Batman’s journey into live service games seems inevitable (Picture: WB Games)

Sony’s live service plans may have hit a speed bump, but Warner Bros. is going all in on ‘transforming our biggest franchises.’

Since it’s financial report season this week, with everyone from Nintendo to Take-Two revealing how well they’ve done over the last three months, there’s suddenly been a lot of talk about live service games, with Sony revealing they’ve cut their plans for 12 new titles by 2026 in half.

They are only delayed though, not cancelled, and given how lucrative games like Fortnite and Apex Legend can be it’s going to take a lot to knock other publishers off the bandwagon. As a case in point, Warner Bros. has stated that it plans to make live service games based on all its properties.

The announcement was made by controversial Warner Bros. CEO David Zaslav, who didn’t confirm any specific titles but did talk about Mortal Kombat, Batman, Harry Potter, and Game Of Thrones as being $1 billion gaming franchises – which gives a pretty clear indication of what to expect.

Warner’s engagement with the games industry has always been highly volatile, sometimes releasing multiple titles a year and other times only one or two.

Despite the overall quality being good, the last several years have been particularly lean, but it has had huge success recently with Hogwarts Legacy and, to a lesser degree, Mortal Kombat 1.

Strangely, it’s never really leveraged the Game Of Thrones IP outside of mobile titles and it’s superhero output has slowed to a trickle. It’s now eight years since Batman: Arkham Knight, while last year’s Gotham Knights was a huge flop. A Wonder Woman game is supposedly in development, but it’s never been shown in public and there’s no sign of an Injustice 3.

‘Our focus is on transforming our biggest franchises from largely console and PC based, with three-four year release schedules, to include more always-on gameplay through live services, multiplatform and free-to-play extensions, with the goal to have more players spending more time on more platforms,’ said Zaslav, via Seeking Alpha.

‘Ultimately we want to drive engagement and monetisation of longer cycles and at higher levels. We are currently under scale and see significant opportunity to generate greater post purchase revenue.’
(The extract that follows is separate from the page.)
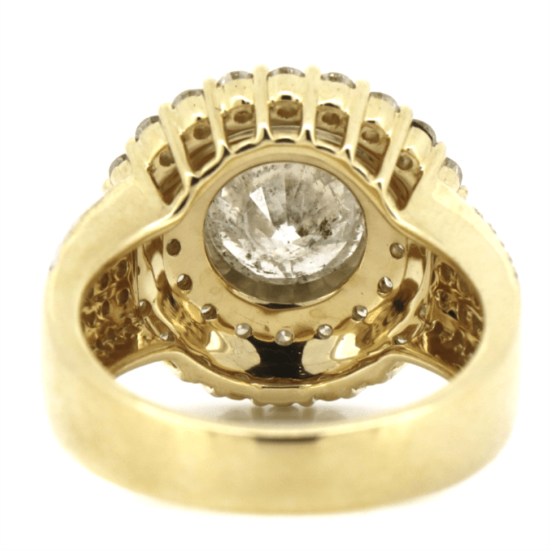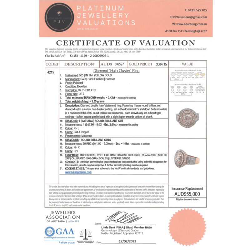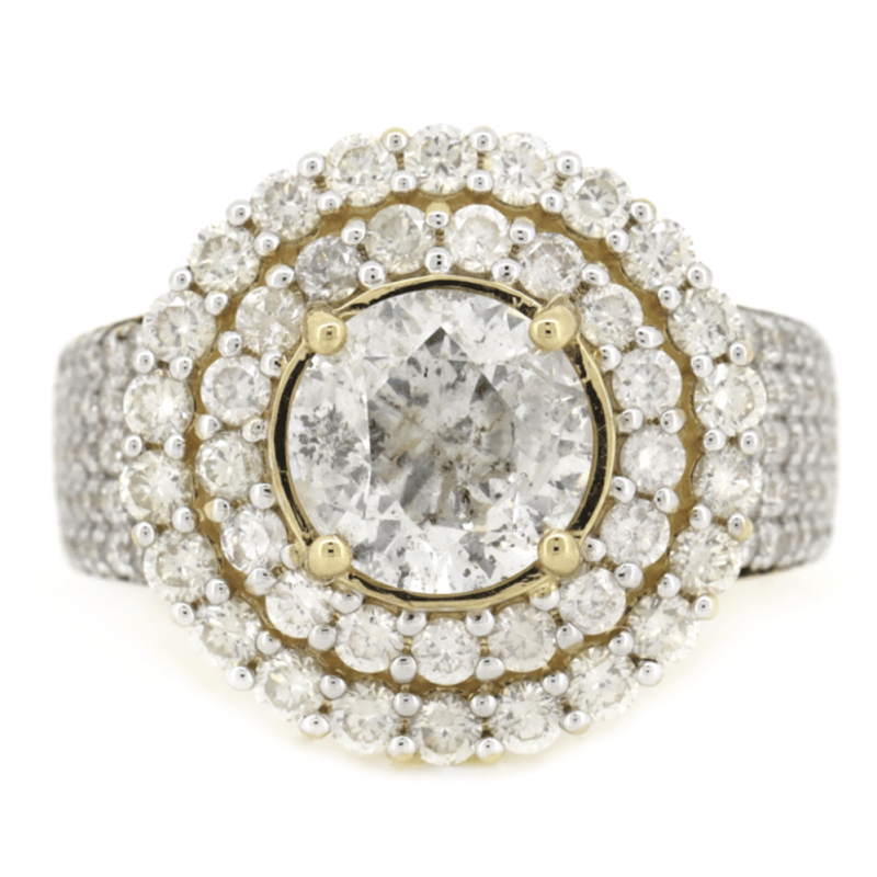 The Centre Features, One Round Brilliant Cut, Diamond (2.01Ct, K-L Colour, Salt And Pepper Clarity), 4 Claw Set. Surrounding The Centre In A Double Halo And Decorating The Band Are, 99 Round Brilliant Cut, Diamonds (1.41Ct Tdw, H-K Colour, P2+ Clarity), Bead Set. Ring Size N 1/2.

Zaslav has no experience in the games industry, so it’s unlikely he’s had much personal involvement in the decisions, but all it probably took was someone showing him how many people play games like Fortnite every day.
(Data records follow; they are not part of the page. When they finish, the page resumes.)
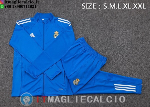 Giacca Lunga Zip Set Completo Real Madrid 25-26 Blu Bianco
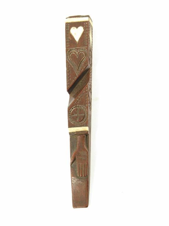 A Regency carved treen and bone inlaid knitting sheath, inscribed 'Eleanor Stokoe June 14 1813,' inset a heart and two diamonds and carved a diamond, a heart, a spade, a club, two circular cross motifs and an open hand, 6in (15.2cm) l.
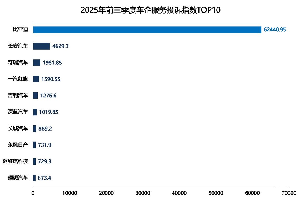 其实,看到这张图大家就已经说明了很大问题。从图标来看,今年前三季度,比亚迪服务投诉指数高达62440.95,其一家服务投诉指数占比就接近70%。

He doesn’t specifically say that Warner won’t make single-player games anymore, but he certainly implies that will no longer be the focus. Although things like a Hogwarts Legacy sequel are virtually guaranteed.

Warner has dabbled with live service games before, including various Mortal Kombat titles on mobile and Super Smash Bros. clone MultiVersus, which was initially popular but quickly faded away.

It’s most high profile involvement in live service games has been the debacle surrounding Rocksteady’s Suicide Squad: Kill The Justice League, which has been delayed multiple times and allegedly had all its microtransactions and loot boxes stripped out of it when Warner realised that the market was beginning to turn against such practices.

It doesn’t seem as if it’s learned much from that experience though and given these comments it’s going to be interesting to see exactly how it works once it’s finally released in February.